== EXERCISE INSTRUCTIONS ==
Leaving out every picture, retype the lines below from the top through the one that contains "Message inside card: Nadolig".

== GIVEN INFORMATION ==
★ ★ ★ ★ ★ ★ ★

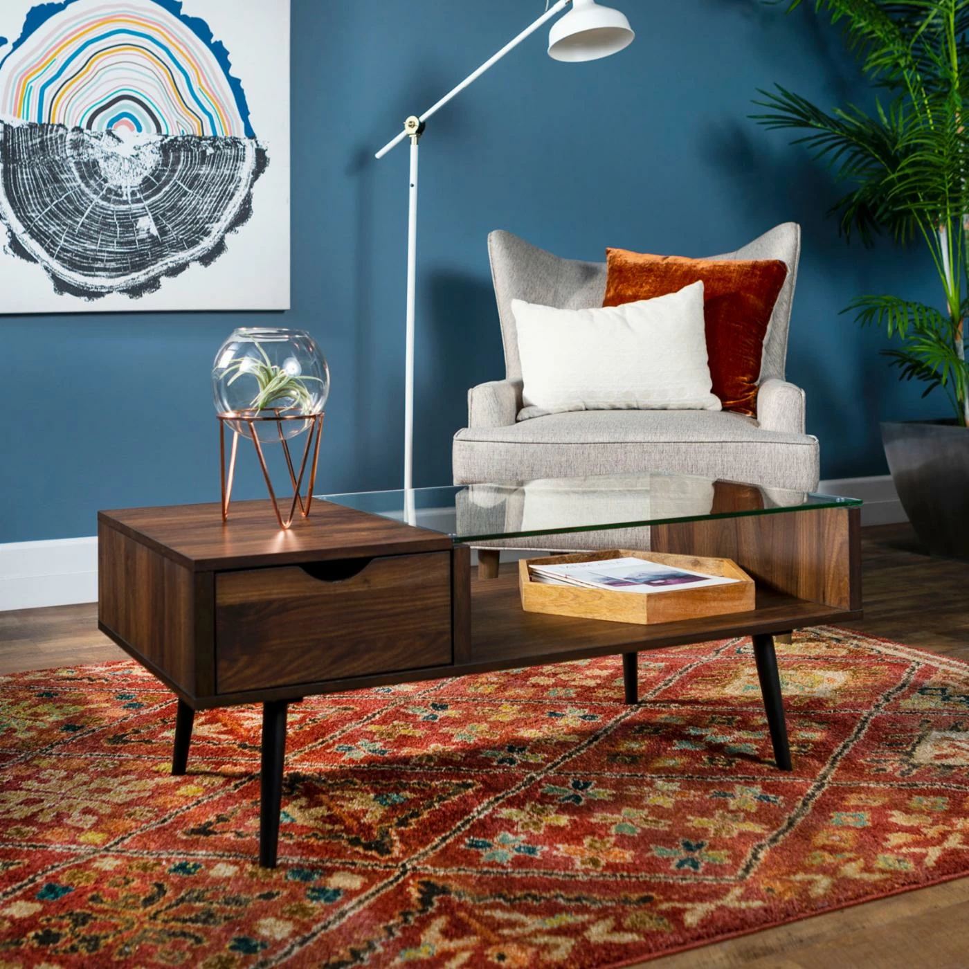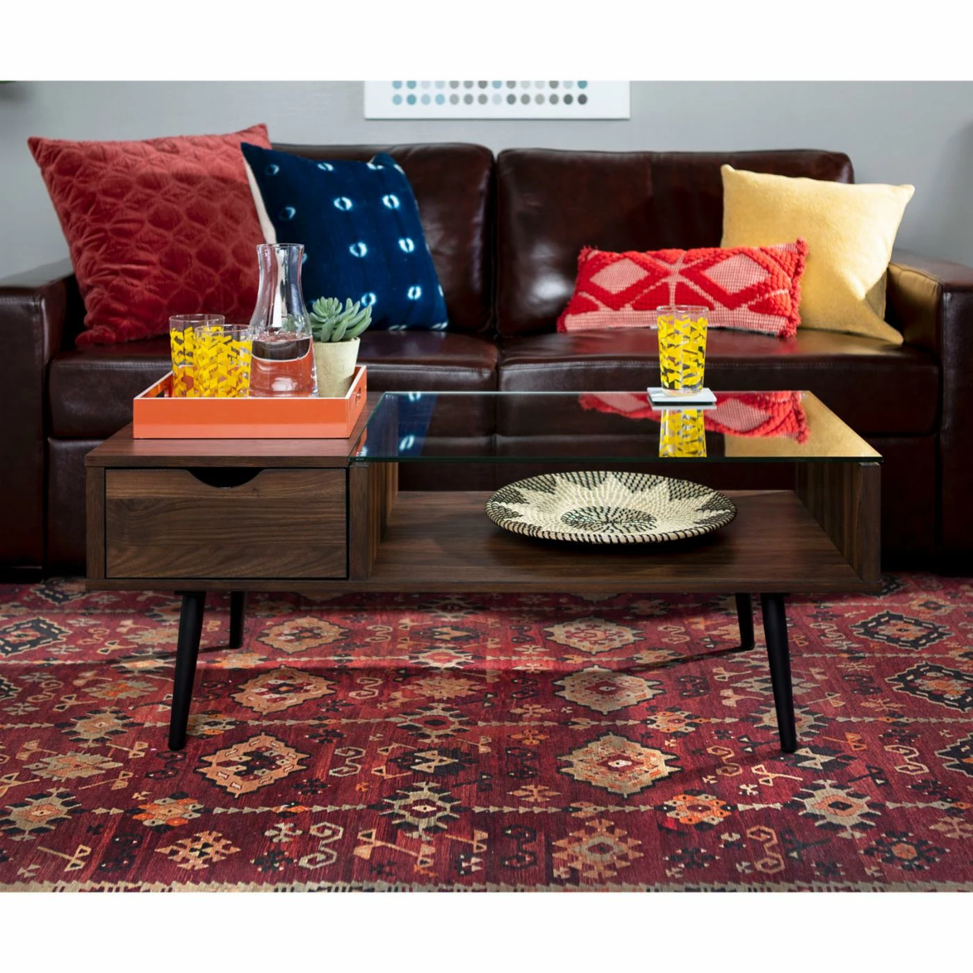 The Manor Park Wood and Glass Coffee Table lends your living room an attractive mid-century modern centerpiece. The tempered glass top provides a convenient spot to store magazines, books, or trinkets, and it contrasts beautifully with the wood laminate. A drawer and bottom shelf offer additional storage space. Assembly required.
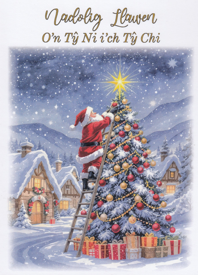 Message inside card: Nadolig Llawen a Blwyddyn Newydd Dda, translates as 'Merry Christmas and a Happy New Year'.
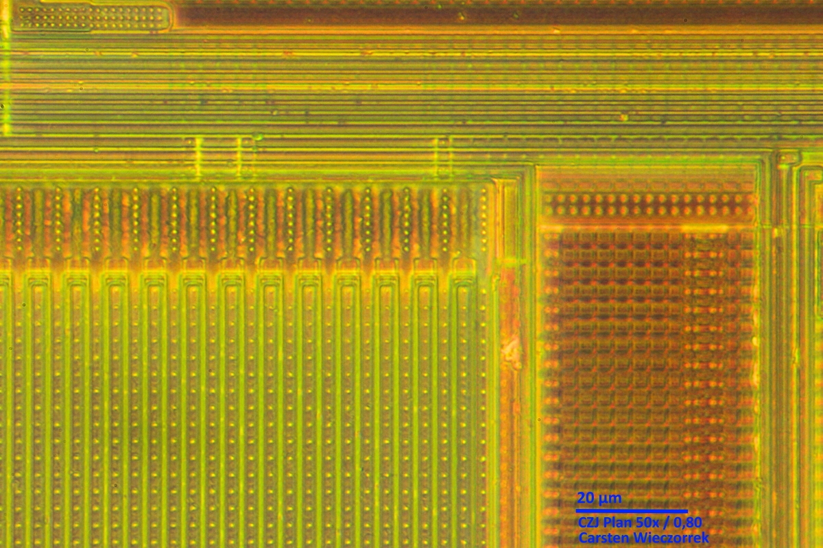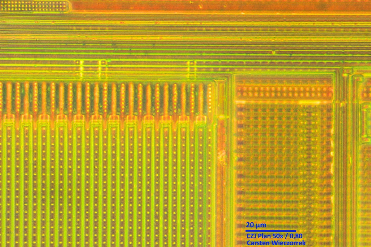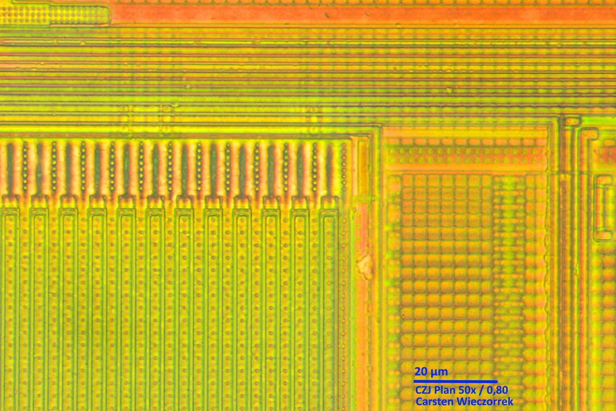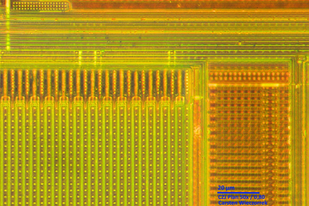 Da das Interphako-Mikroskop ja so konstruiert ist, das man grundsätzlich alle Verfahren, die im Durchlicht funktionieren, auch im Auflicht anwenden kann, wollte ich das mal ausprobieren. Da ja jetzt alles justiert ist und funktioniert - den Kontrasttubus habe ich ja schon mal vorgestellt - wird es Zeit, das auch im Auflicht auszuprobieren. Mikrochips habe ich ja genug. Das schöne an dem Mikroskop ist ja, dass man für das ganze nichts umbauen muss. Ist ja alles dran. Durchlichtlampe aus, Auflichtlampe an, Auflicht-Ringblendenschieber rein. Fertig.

★ ★ ★ ★ ★ ★ ★

== EXPECTED OUTPUT ==
 The Manor Park Wood and Glass Coffee Table lends your living room an attractive mid-century modern centerpiece. The tempered glass top provides a convenient spot to store magazines, books, or trinkets, and it contrasts beautifully with the wood laminate. A drawer and bottom shelf offer additional storage space. Assembly required.
 Message inside card: Nadolig Llawen a Blwyddyn Newydd Dda, translates as 'Merry Christmas and a Happy New Year'.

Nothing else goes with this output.